◆ Collected data
┄┄┄┄┄┄

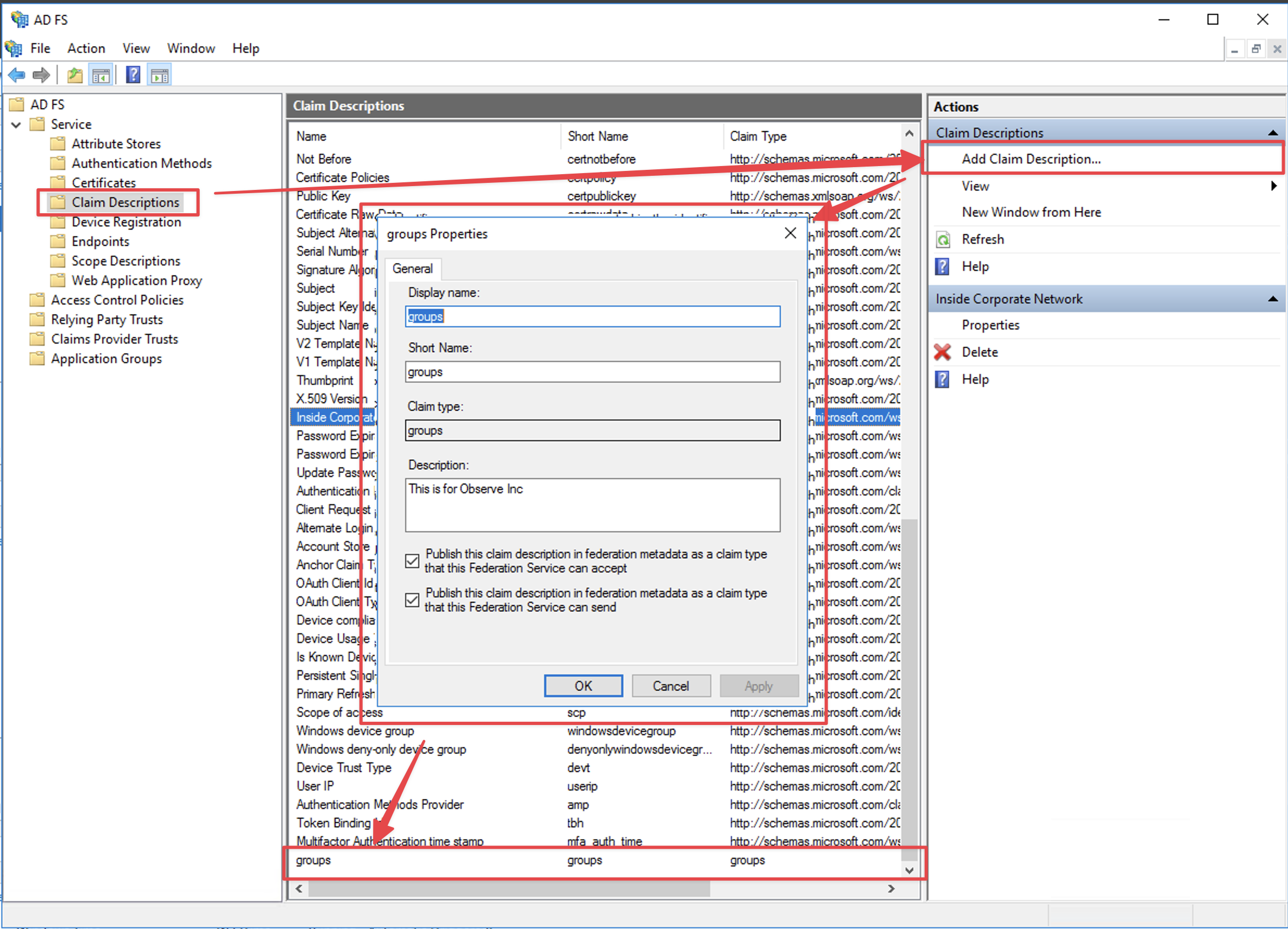 groups. To add this claim description, navigate to theClaim Descriptionsarea of the ADFS Console and selectAdd Claim Description. Set the values forDisplay name,Short nameandClaim identifierare all set to the valuegroups. Additionally, ensure both checkboxes forPublish this claimare also selected. ClickOKto save this.
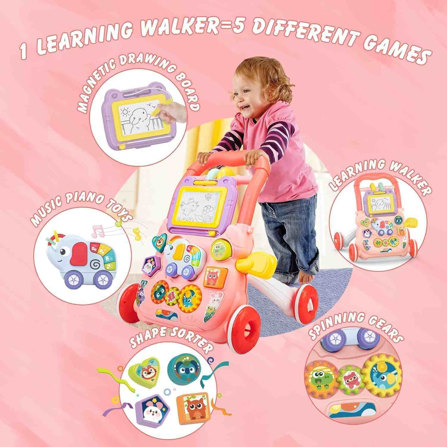 Edukativne melodije i svetlosni efekti stimulišu čula i podstiču bebu da se igra i istražuje. Svaka aktivnost u ovoj šetalici prilagođena je uzrastu deteta, pomažući mu da kroz igru razvija koordinaciju, kognitivne sposobnosti i motoriku.
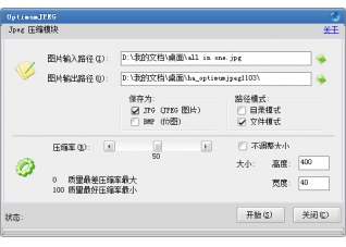 Optimum JPEG是款jpg图片批量压缩软件,支持一次性将jpg图片转换成具有统一压缩率和大小的图片,压缩率决定了图片大小和质量,以通过拖动压缩条设置图片的压缩比例。图片大小可以任意修改,没有固定比例限制。

┄┄┄┄┄┄

◆ What the task requires
Each line of the data above must be repeated exactly, images excluded.

◆ Answer for the task
 groups. To add this claim description, navigate to theClaim Descriptionsarea of the ADFS Console and selectAdd Claim Description. Set the values forDisplay name,Short nameandClaim identifierare all set to the valuegroups. Additionally, ensure both checkboxes forPublish this claimare also selected. ClickOKto save this.
 Edukativne melodije i svetlosni efekti stimulišu čula i podstiču bebu da se igra i istražuje. Svaka aktivnost u ovoj šetalici prilagođena je uzrastu deteta, pomažući mu da kroz igru razvija koordinaciju, kognitivne sposobnosti i motoriku.
 Optimum JPEG是款jpg图片批量压缩软件,支持一次性将jpg图片转换成具有统一压缩率和大小的图片,压缩率决定了图片大小和质量,以通过拖动压缩条设置图片的压缩比例。图片大小可以任意修改,没有固定比例限制。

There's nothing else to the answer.